Он снял со стены пальто и шапку. Иванушко, бегавший разговаривать на двор с поставщиками, закричал:

– Подумай, какие мерзавцы! Они требуют, чтобы я заплатил по счетам сегодня! Они хотят сорвать кассу на корню. Начнется съезд – нужно расплачиваться. А чайных ложек и стаканов еще не прислано. Черт с ними! Ну куда я помещу двести пятьдесят человек! Придется отказывать! Я заказал еще шесть озонаторов! Проклятие! Мне нужно было назначить за вход не десять, а двадцать пять рублей. Сегодня будет безумная ночь. Все это чувствуют! Какая-то зараза носится в воздухе.
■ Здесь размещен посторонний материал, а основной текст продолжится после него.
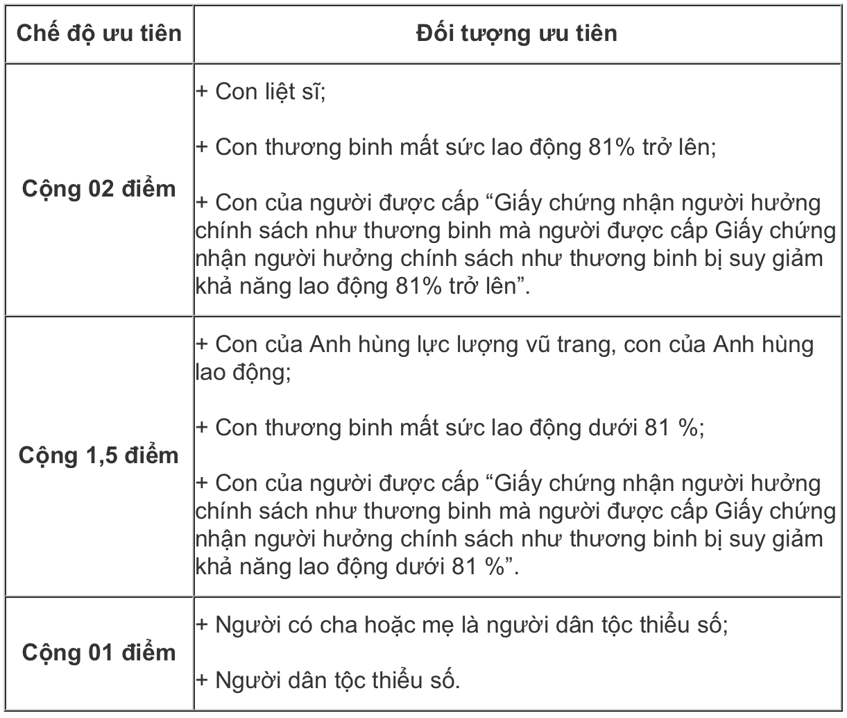 Lưu ý: Điểm cộng thêm cho đối tượng được hưởng chế độ ưu tiên tối đa không quá 3 điểm.

Николай, подумай, через два часа сюда войдут двести обольстительных женщин. Двести безумных коломбин. У каждой любовник или два любовника и третий муж! Есть от чего сойти с ума!

Иванушко метался в каменном чулане, задевая мантии и перья на шлемах.

– Вы провалили мой проект с появлением Сатаны. Это глупо, знаю, но это был бы удар по нервам! Должна войти женщина, сбросить мантию с плеч и оказаться нагой! Ты буржуй, вы все мещане! Вы боитесь наготы! Ах, если бы Салтанова захотела. Я бы взглянул на нее, и к черту сердце. Разрыв! Увидишь – я устрою закрытый вечер наготы…

Белокопытов вышел. Иванушко подскочил к аппарату и затараторил:

– Три, тридцать три. Коломбина, роскошь, вы одеваетесь? Зачем одежды, приходите полунагой. Да, все готово, будет и кабаре и диспут, но Сатана провалился; говорят, что Сатана – шаблон. Приезжайте к часу, я вижу, как вы входите, безумная, невероятная… Молчание, и вдруг все сердца тра-тата, тра-тата. Что вы делаете со мной!

Он положил трубку, на минуту в изнеможении повис на стуле, затем сорвался и выбежал в полутемную сейчас сводчатую комнату, где два лакея в зеленых фраках убирали цветами тесно составленные столы.

В то же время в массивных дверях спальни Абрама Семеновича Гнилоедова стоял шофер и докладывал, что машины госпожи Салтановой он решил не портить, а только налил воды в бензиновый резервуар и так напоил салтановского шофера, что тот проснется не раньше, как завтра к вечеру.

– Вы молодец, Леонтий, – сказал Абрам Семенович, застегивая перед трюмо шелковые подтяжки, – теперь идите и приготовьте мою машину; не забудьте розы поставить с правой стороны в бутоньерку.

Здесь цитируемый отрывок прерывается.